Monstres sacrés – L’édito de Christophe Bonnefoy
On aurait presque un peu tendance à voir en tout artiste disparu un monstre sacré. Ils ne le sont pas tous. Mais il faut avouer que ces derniers mois, ces dernières années même, de sacrées pointures ont laissé orphelin le monde de l’art. Du cinéma ou de la musique, entre autres. Du cinéma grand public au plus élitiste. De la musique populaire à la plus ciblée.
Lucky Peterson, magicien du
blues, s’est éteint à l’âge de 55 ans.
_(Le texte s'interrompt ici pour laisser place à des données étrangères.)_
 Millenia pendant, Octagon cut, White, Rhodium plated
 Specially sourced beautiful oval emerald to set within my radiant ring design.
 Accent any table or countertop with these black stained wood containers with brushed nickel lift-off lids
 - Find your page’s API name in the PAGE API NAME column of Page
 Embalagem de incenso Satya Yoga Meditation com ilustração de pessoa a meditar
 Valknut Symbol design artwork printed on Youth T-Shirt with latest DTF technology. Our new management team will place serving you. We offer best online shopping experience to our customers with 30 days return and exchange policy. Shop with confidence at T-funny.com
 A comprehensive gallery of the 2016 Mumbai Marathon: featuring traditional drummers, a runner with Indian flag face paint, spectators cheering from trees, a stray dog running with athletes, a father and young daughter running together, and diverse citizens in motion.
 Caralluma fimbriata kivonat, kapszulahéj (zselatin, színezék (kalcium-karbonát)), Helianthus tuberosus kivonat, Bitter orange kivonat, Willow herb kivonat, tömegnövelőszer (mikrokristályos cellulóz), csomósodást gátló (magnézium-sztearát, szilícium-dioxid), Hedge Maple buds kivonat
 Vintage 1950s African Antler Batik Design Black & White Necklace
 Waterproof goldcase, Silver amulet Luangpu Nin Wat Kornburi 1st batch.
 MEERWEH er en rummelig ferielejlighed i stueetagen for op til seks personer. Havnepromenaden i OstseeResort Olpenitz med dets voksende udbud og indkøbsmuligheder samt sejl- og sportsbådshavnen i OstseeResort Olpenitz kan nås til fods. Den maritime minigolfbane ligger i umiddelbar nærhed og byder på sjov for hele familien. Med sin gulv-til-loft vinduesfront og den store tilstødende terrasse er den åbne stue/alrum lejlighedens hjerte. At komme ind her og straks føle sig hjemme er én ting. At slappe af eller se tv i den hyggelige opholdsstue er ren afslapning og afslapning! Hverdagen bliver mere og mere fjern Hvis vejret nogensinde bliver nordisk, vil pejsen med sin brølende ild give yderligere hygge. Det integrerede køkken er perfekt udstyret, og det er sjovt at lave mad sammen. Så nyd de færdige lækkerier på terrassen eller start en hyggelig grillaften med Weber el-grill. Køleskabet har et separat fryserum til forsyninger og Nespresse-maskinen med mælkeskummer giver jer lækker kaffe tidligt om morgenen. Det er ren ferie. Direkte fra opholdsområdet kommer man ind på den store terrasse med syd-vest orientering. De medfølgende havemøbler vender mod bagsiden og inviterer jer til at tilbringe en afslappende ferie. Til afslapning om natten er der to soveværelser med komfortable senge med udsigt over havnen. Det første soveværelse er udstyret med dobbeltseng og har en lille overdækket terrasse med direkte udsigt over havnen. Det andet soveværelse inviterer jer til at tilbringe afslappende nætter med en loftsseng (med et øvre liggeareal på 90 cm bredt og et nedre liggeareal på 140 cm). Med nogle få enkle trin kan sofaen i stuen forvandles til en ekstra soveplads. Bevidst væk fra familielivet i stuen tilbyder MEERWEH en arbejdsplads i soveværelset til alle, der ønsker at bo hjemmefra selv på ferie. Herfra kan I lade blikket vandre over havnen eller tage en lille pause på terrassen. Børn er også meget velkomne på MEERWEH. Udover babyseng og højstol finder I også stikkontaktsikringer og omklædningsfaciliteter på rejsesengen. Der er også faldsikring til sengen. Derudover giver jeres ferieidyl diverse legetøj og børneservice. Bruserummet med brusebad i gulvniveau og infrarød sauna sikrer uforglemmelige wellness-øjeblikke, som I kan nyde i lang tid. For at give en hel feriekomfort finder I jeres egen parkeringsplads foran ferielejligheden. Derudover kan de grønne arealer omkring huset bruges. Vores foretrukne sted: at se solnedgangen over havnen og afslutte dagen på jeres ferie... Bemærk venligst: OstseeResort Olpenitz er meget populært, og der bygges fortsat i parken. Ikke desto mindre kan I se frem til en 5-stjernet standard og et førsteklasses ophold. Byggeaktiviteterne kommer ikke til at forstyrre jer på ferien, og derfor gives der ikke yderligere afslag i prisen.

Il était l’un des plus reconnus dans le
monde. Les Langrois s’en souviennent, il leur avait fait passer des instants
inoubliables.
Michel Piccoli, lui, s’est détaché des Choses de la vie pour s’en aller vers le
repos éternel. Il avait 94 ans.
Tous deux étaient et
resteront des monstres sacrés.
Piccoli, sur le grand écran, c’était un peu celui qu’on adore détester. Pas
forcément chaleureux, le plus souvent distant en apparence. Pas un comique, plutôt
cynique. Mais quel jeu ! Quelle présence ! Quel charisme ! Le
hasard ne fait jamais mal les choses, dans le monde du 7e Art. Ça n’en
est pas un, s’il avait côtoyé artistiquement Philippe Noiret, Marcello
Mastroianni, Annie Girardot, Catherine Deneuve ou encore l’immense Romy
Schneider. Ça n’en était pas plus un s’il fut à l’affiche des “Demoiselles de
Rochefort”, de “Belle de jour”, de l’inoubliable “Max et les ferrailleurs” ou
de l’incontournable “Sept morts sur ordonnance”. Et plus récemment de l’impressionnant
“Habemus papam”.
L’époque, compliquée, nous ramène parfois, notamment en matière de musique ou de cinéma, à ces choses que l’on connaît, que l’on apprécie, qui nous rassurent. Peterson le bluesman, Piccoli le comédien étaient de ceux que l’on aime retrouver. Des acteurs de ces “belles choses” – de la vie – qui ne s’effacent jamais.